Figure 2 with 2 supplements
Functional annotations and validations of genes associated with genome-wide associations studies (GWAS) for cardiac performance.

(A) Gene Ontology (GO) enrichment analyses. Selected molecular functions (MF, left) and cellular components (CC, right) associated with cardiac performances at FDR < 0.05 are shown. Enrichment analysis was performed using G:profiler with a correction for multitesting (see Materials and methods). (B) Interaction network of genes associated with natural variations of cardiac performance. Direct genetic and physical interactions between cardiac fly GWAS genes are displayed. Nodes represent genes and/or proteins, edges represent interactions (blue: genetic; black: physical). Node shapes refer to single marker and/or epistasis GWAS, node color to the cardiac performances phenotype(s) for which associations were established. Genes and proteins highlighted in pink point to transcription factors, in green and blue to signaling pathways (FGF and TGFb, respectively), and in yellow to ion channels. (C) Heatmap representing the effects on indicated cardiac traits of heart-specific RNAi-mediated knockdown (KD) of 42 genes identified in GWAS for cardiac performance. Results of Wilcoxon rank sum test of the effects of indicated heart-specific RNAi-mediated gene KD (rows) for cardiac performance traits (columns), analyzed on semi-intact 1-week females flies.
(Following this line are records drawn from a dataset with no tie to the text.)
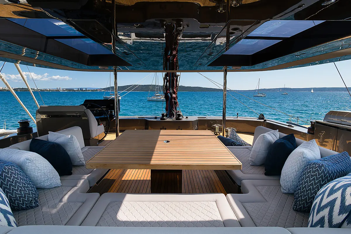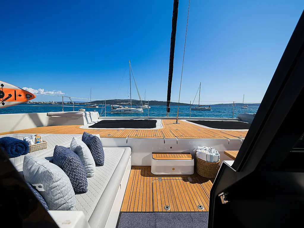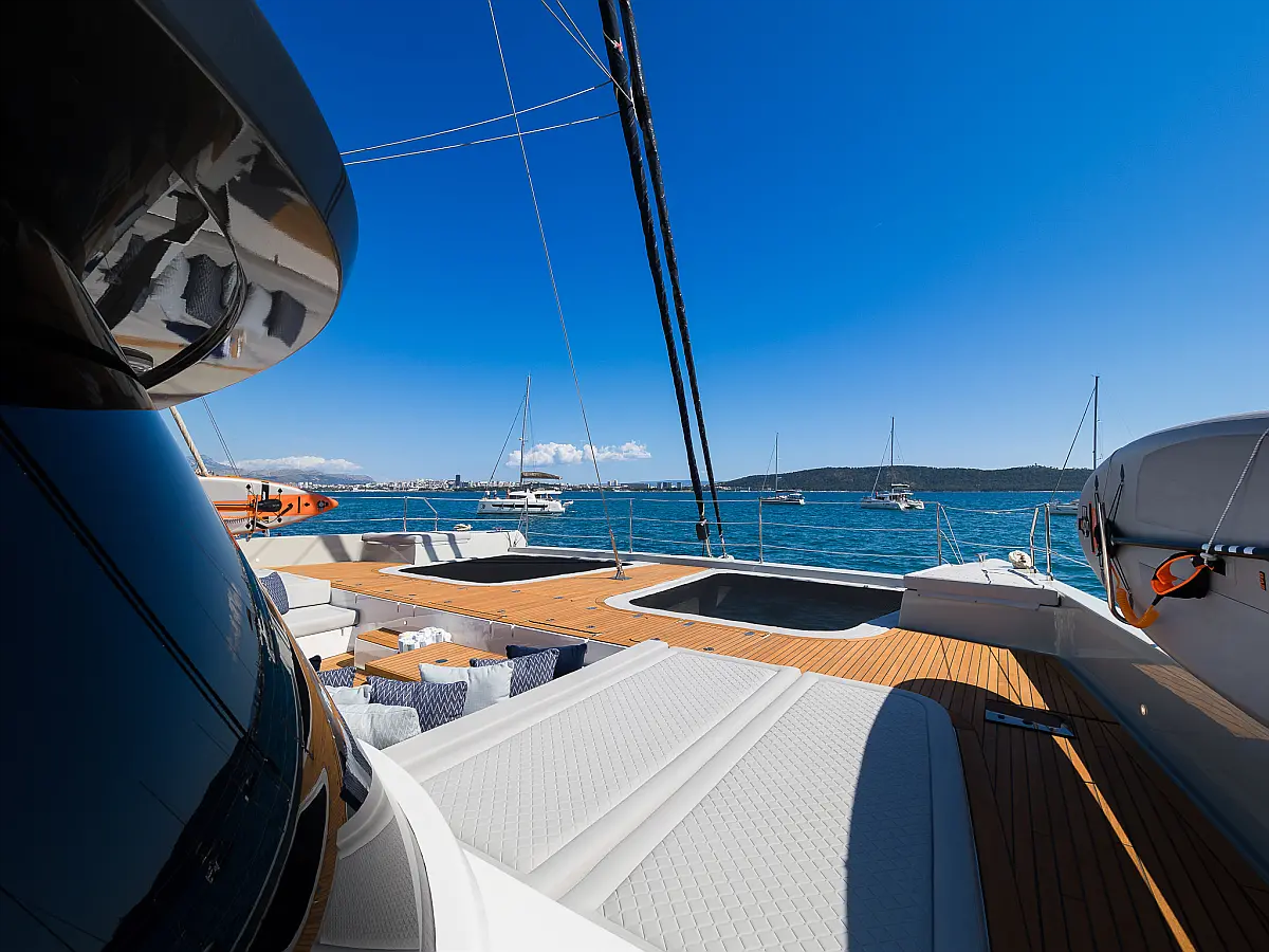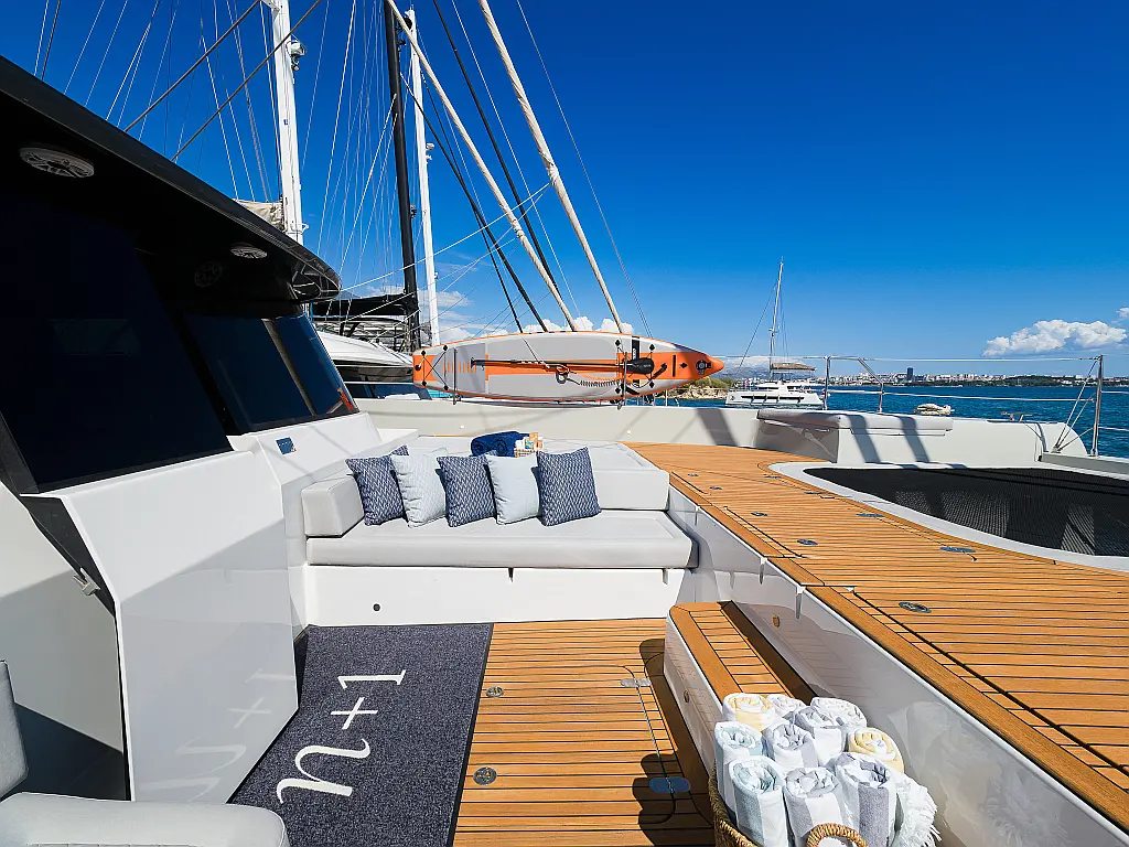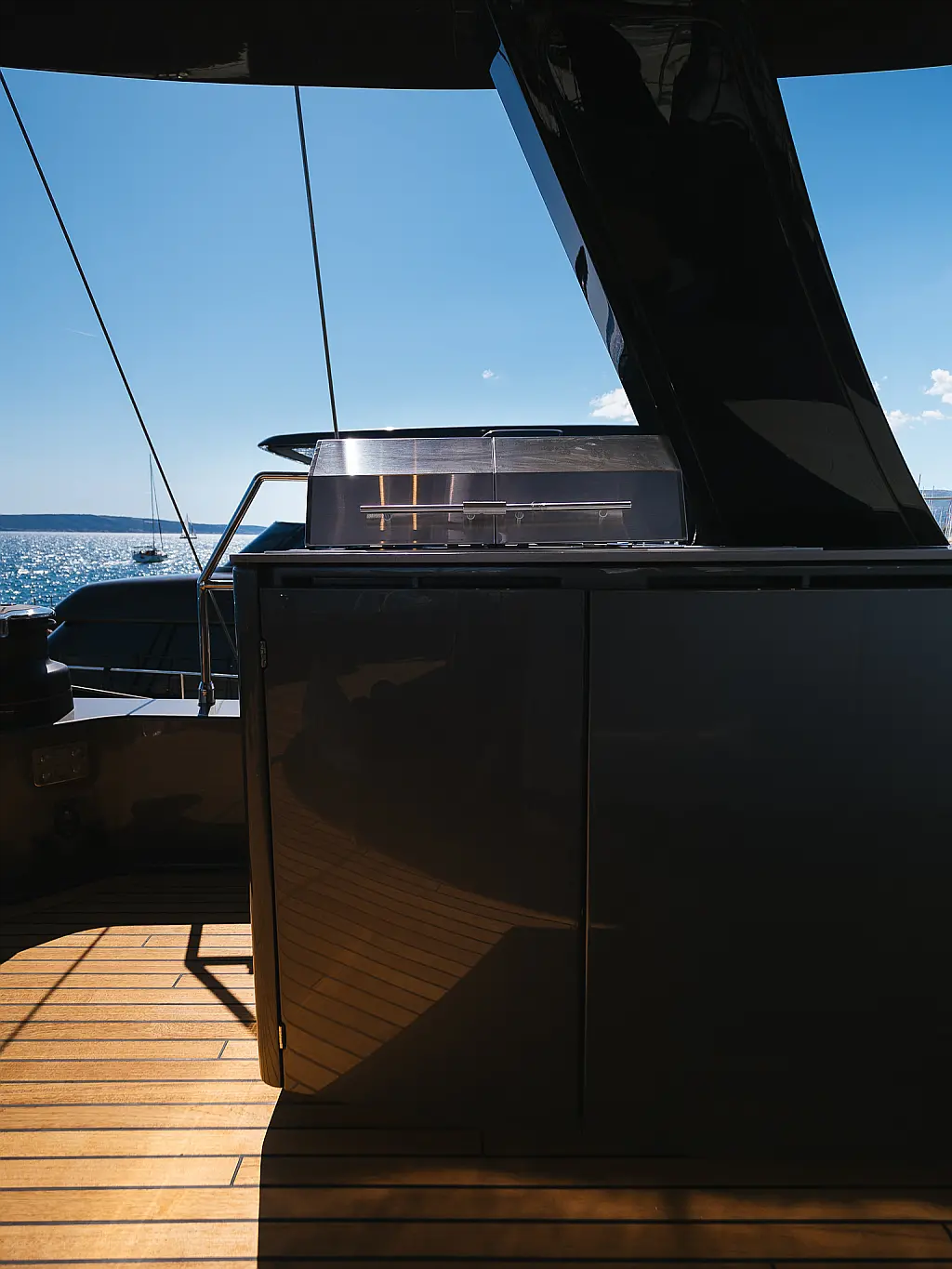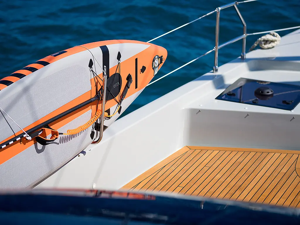 Cockpit speakers, Barbecue grill in cockpit, Air condition, Heating, Swimming platform, Bimini, Teak deck, Refrigerator, Generator, Solar Panels, Dinghy, Sprayhood
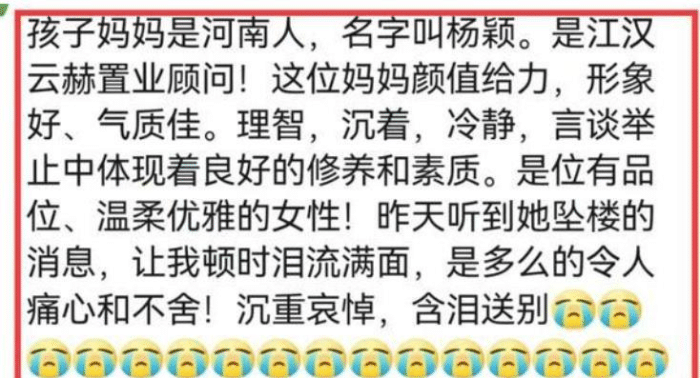 这让本就悲痛不已的孩子母亲杨女士更加绝望,此时,网上还时不时出现“杨女士为了讹钱、打扮精致”的舆论,6月2日,又一起悲剧发生,杨女士不堪压力,从24楼纵身跳下。
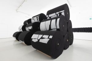 Curioso il Padiglione dell’Uruguay, dove un sarto si aggira a prendervi le misure. Qui, l’artista Gerardo Goldwasser, con la mostra “Persona”, opera una riflessione su quella che si potrebbe definire una vera e propria “omologazione dei costumi contemporanei”, fenomeno che, ovviamente, passa anche per l’abbigliamento. Rotoli di morbido tessuto industriale nero che, sul retro, ospitano le forme di cartamodelli, sono in potenziale attesa per essere tagliati in maniera uniformata e identica per corpi che – peggio per chi ci vorrebbe tutti uguali – sono destinati a restare tutti diversi e ognuno provvisto della propria, a volte difficile, intimità.
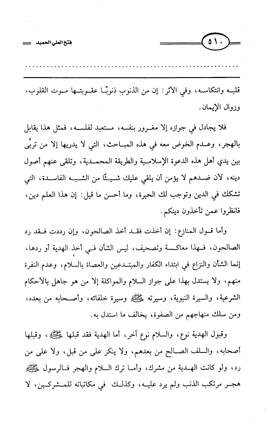 وأما قول المنازع: إن أخذت فقد أخذ الصالحون، وإن رددت فقد رد الصالحون، فهذا معاكسة وتصحيف، ليس الشأن في أخذ الهدية أو ردها، إنما الشأن والنزاع في ابتداء الكفار والمبتدعين والعصاة بالسلام، وعدم النفرة منهم، ولا يستدل بهذا على جواز السلام والمواكلة إلا من هو جاهل بالأحكام الشرعية، والسيرة النبوية، وسيرته - صلى الله عليه وسلم - وسيرة خلفائه وأصحابه من بعده ومن سلك منهاجهم من الصفوة، يخالف ما استدل به.
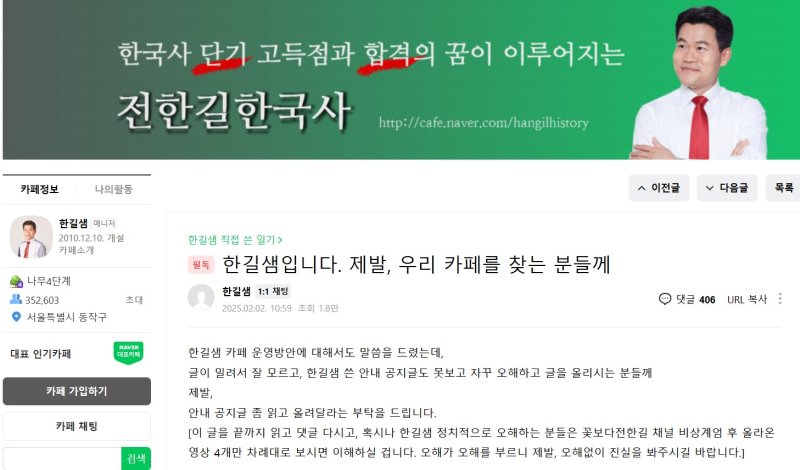 전씨가 운영 중인 '전한길 한국사' 카페의 '한길샘 직접 쓴 일기' 게시판에는 올 초부터 3일까지 '한길샘'이란 본인의 닉네임으로 작성한 9개의 글 중 8개가 정치적 상황을 다룬 글이었다.
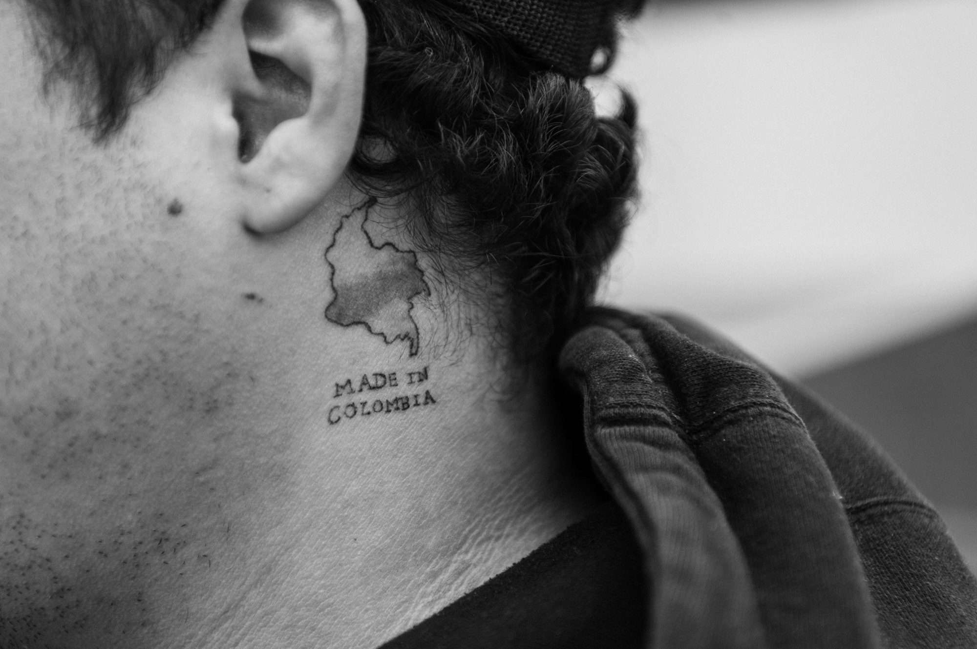 Juan Sebastián, 25, a newcomer from Colombia, shows his neck tattoo in the Bayview neighborhood of San Francisco, California, on April 24, 2025. “I carried my two daughters in front of me with my suitcase on my back,” Sebastián said, recalling his migration through the Darién Gap from Colombia. He and his wife later saved enough money to apply for political asylum and obtain Social Security numbers. “It’s all been thanks to the RV,” he said. (Pablo Unzueta for El Tecolote/CatchLight Local)
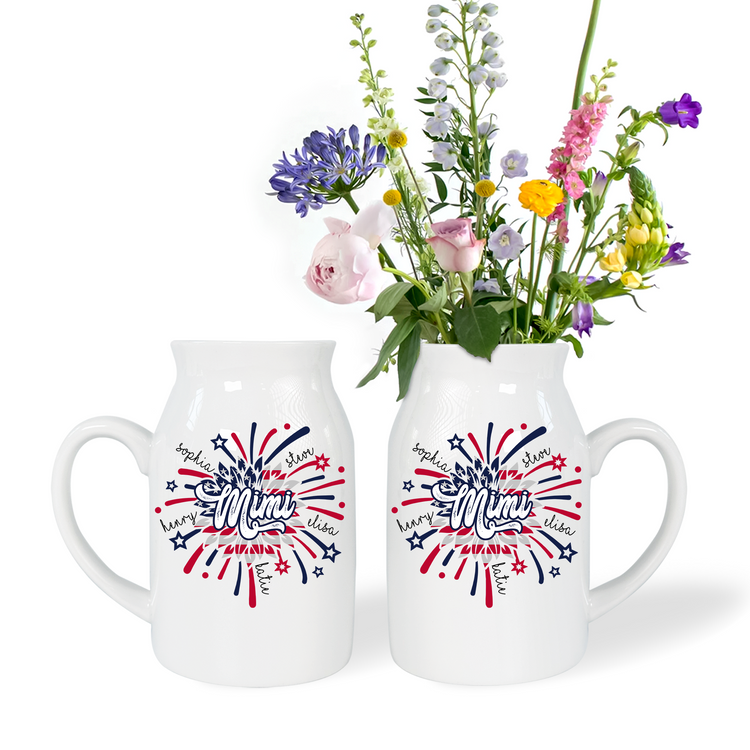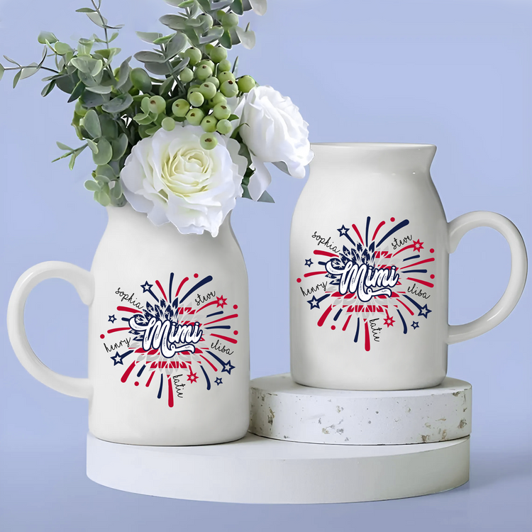 Patriotic Fireworks Covered With Flag For Mimi And Kids - Custom Home Decoration Flower Vase According To Family Requirements, Ceramic Flower Vase
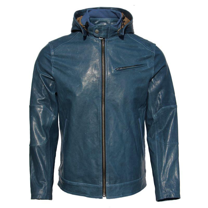 Китайский размер мужская куртка из натуральной кожи мужская съемный капюшон дубленая овчина толстое зимнее пальто из натуральной кожи пальто мотоцикл байкер одежда M синий
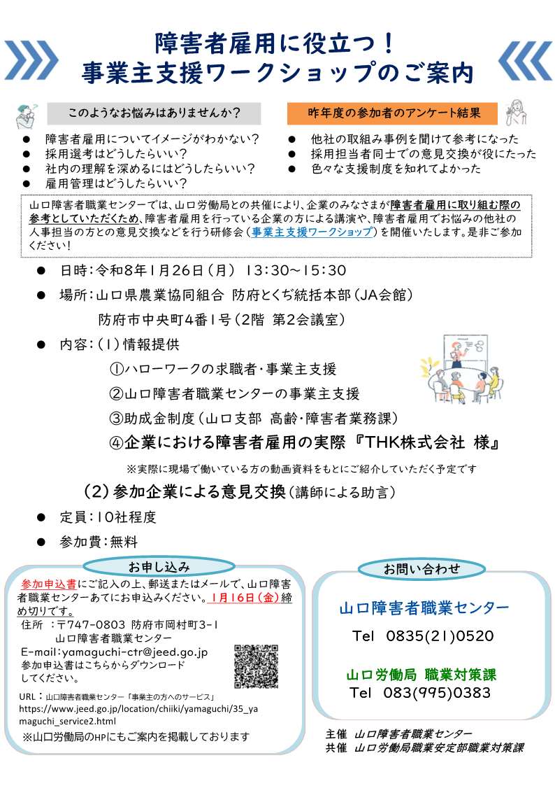 山口労働局では、企業のみなさまが障害者雇用に取り組む際の参考としていただくため、山口障害者職業センターが開催する研修会(事業主支援ワークショップ)を共催いたします。
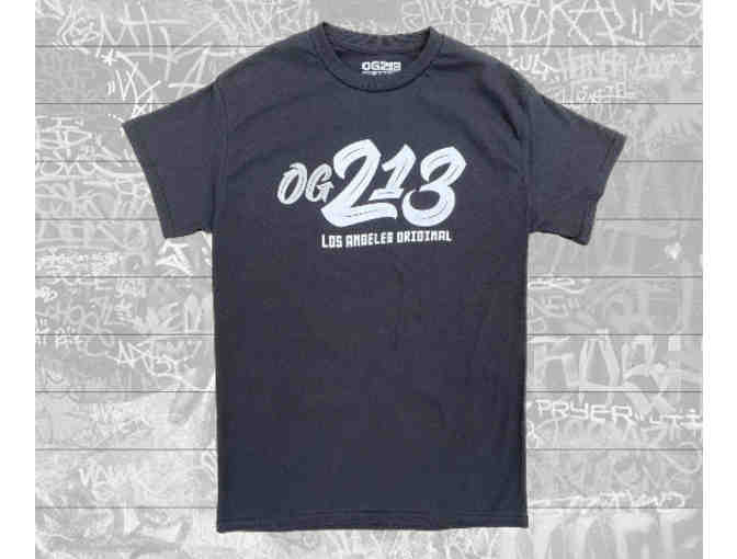 One size 2XL, OG 213 BLACK SHORT SLEEVE T-SHIRT HAND WRITTEN LETTERS
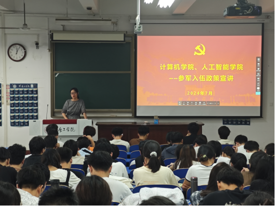 与计算机学院在龙湖校区3号教学楼235教室联合召开了2024年征兵宣讲会。学院党委副书记侯向花、各年级辅导员及各年级学生代表共200余人参加了此次宣讲会。会议由辅导员王腾老师主持。
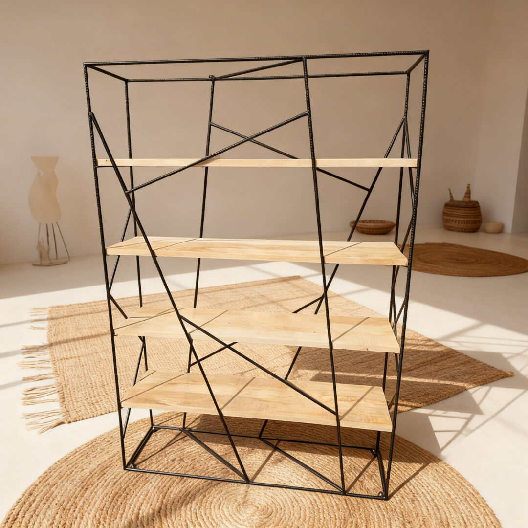 Questa libreria rappresenta la sintesi perfetta tra la forza dell’archeologia industriale e il calore esotico dell’arredamento naturale, definendo uno stile etnico-industrial di grande impatto visivo. La struttura portante è realizzata in tondino di ferro lavorato a mano, un dettaglio artigianale che conferisce al mobile una linea snella ma estremamente robusta, richiamando l’estetica delle antiche officine. Ogni curvatura del metallo testimonia la manualità impiegata nella sua creazione, offrendo un supporto solido e stabile che sfida il tempo e le mode.
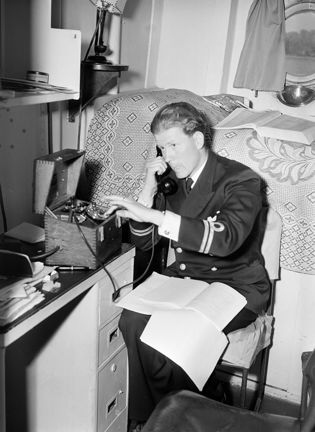 Fartyget Superb. En förbindelseofficer sköter telefonväxeln i en hytt ombord
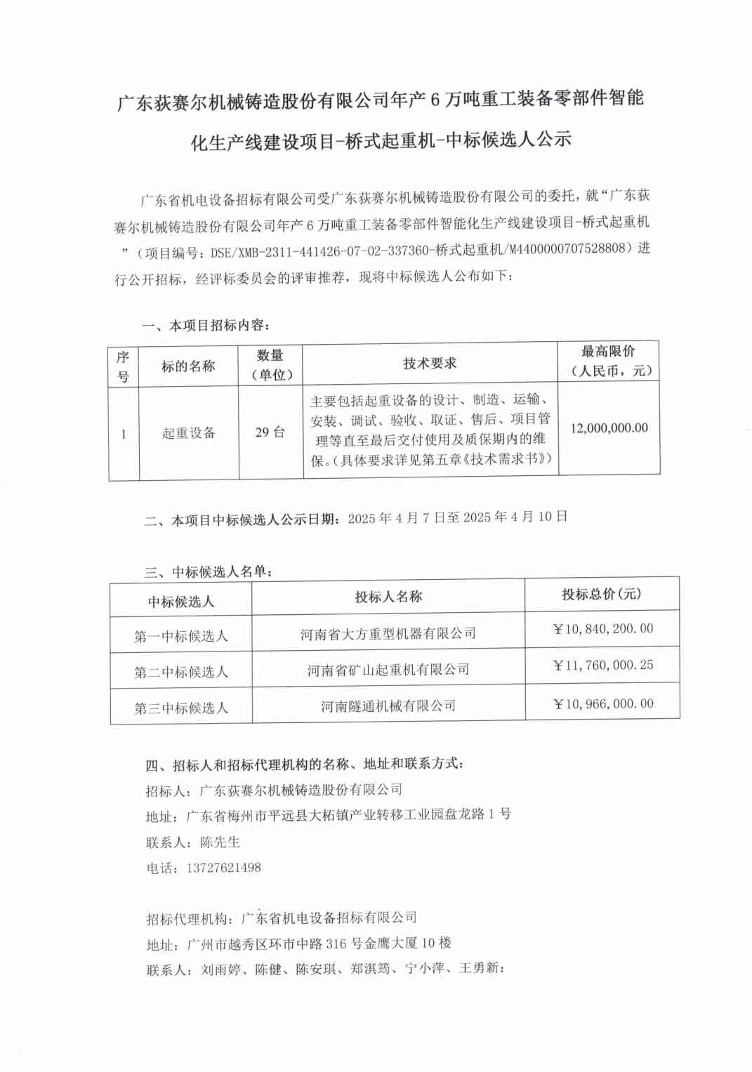 广东荻赛尔机械铸造股份有限公司年产6万吨重工装备零部件智能化生产线建设项目-桥式起重机-中标候选人公示

Detailed data are presented in Figure 2—source data 2. Thirty-eight (out of 42) genes tested lead to significant effects on cardiac performance traits upon KD. Black dots indicate the trait(s) for which the corresponding gene was associated in GWAS. ns: not significant; *: pval <0.05; **: pval <0.01; ***: pval <0.005; ****pval <0.0001 (p-values were adjusted for multiple testing using Bonferroni correction). Comparison with heart-specific effect of random selected genes is displayed in Figure 2—figure supplement 1. (D) Schematic drawing of BMP and activin pathways in Drosophila. (E) Genetic interactions between BMP and activin pathway genes. Genetic interactions tested between snooBSC234 and sogU2 for SI and between dppd14 and babo32 for FS (other phenotypes are shown in Figure 2—figure supplement 2). Cardiac traits were measured on each single heterozygotes and on double heterozygotes flies. Two-way ANOVA reveals that the interaction between snooBSC234 and sogU2 for SI and between dppd14 and babo32 for FS are significant. Detailed data for interaction effect corresponding to all phenotypes are displayed in Figure 2—figure supplement 2.

Figure 2—source data 1

Collection of physical (IP, Y2H) and genetic interactions identified in Drosophila.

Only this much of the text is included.